– Слушай, белый, если ты где-нибудь трахнул Таньку, не
воображай, что она твоя, – мирно сказал Суп. – Она моя. Иди, белый,
иди добром. У тебя, в Крыму, герлы табунами ходят, а у меня она – одна.
– Таня, скажи ему, что ты моя, – попросил
Лучников. – Да встань же ты, хоть вытри мне лицо. Оно разбито.
Она не шевелилась.
Десятиборец склонился над ней и просунул ладонь ей под
живот, кажется, расстегнул там пуговицу. Фигура его казалась сейчас немыслимо
огромной над тоненькой женщиной.
– А ты не подумал. Суп, что я тоже могу тебя хватить
чем-нибудь по башке? – спросил Лучников. – Каким-нибудь твоим
спортивным трофеем? Вот, скажем, Никой этой Самофракийской.
Десятиборец хрипло засмеялся.
– Это было бы уже потерей темпа.
– Да, ты прав, – сказал Лучников. – Ты не так
прост, как кажешься.

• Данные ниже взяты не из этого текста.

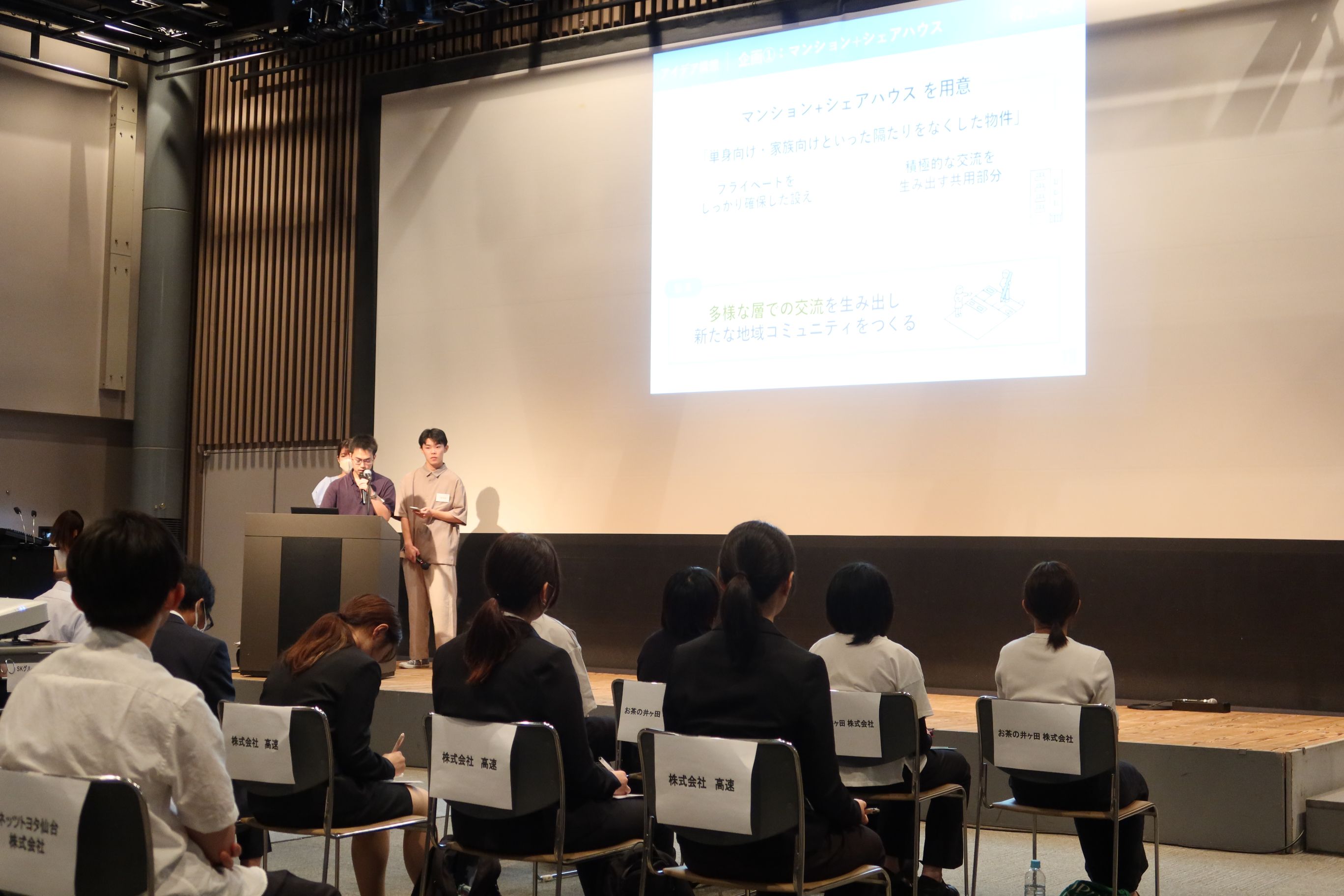 最終日の成果発表会では、経営者を前に学生達は緊張しながらも、それぞれ趣向を凝らして堂々と発表することが出来ていました。難しい課題ではありましたが、どのチームも企業や地域の強みと課題を分析し、実現したい未来をイメージした上で、学生視点を取り入れたアイデアを伝えていました。発表会終了後には配属先企業の経営者や担当者からのフィードバックがあり、学生達は少しほっとした表情で意見交換を行う様子が見られました。

Ну что ж, валяй. Еби мою любовь.
– Хочешь смотреть? – пробормотал Суп. –
Хочешь присутствовать? Пожалуйста, пожалуйста…
Танины плечи вздрогнули и голова оторвалась от подушки.
– Таня! – тихо позвал Лучников. – Очнись!
– Сейчас ты увидишь… сейчас… сейчас… – бормотал,
нависая над женщиной огромный мужик. – Сейчас ты увидишь, как мы с ней…
как у нас… бей, чем хочешь… не растащишь… у меня в жизни ничего нет, кроме нее…
все из меня Родина выжала, высосала… только Таньку оставила… я без нее ноль…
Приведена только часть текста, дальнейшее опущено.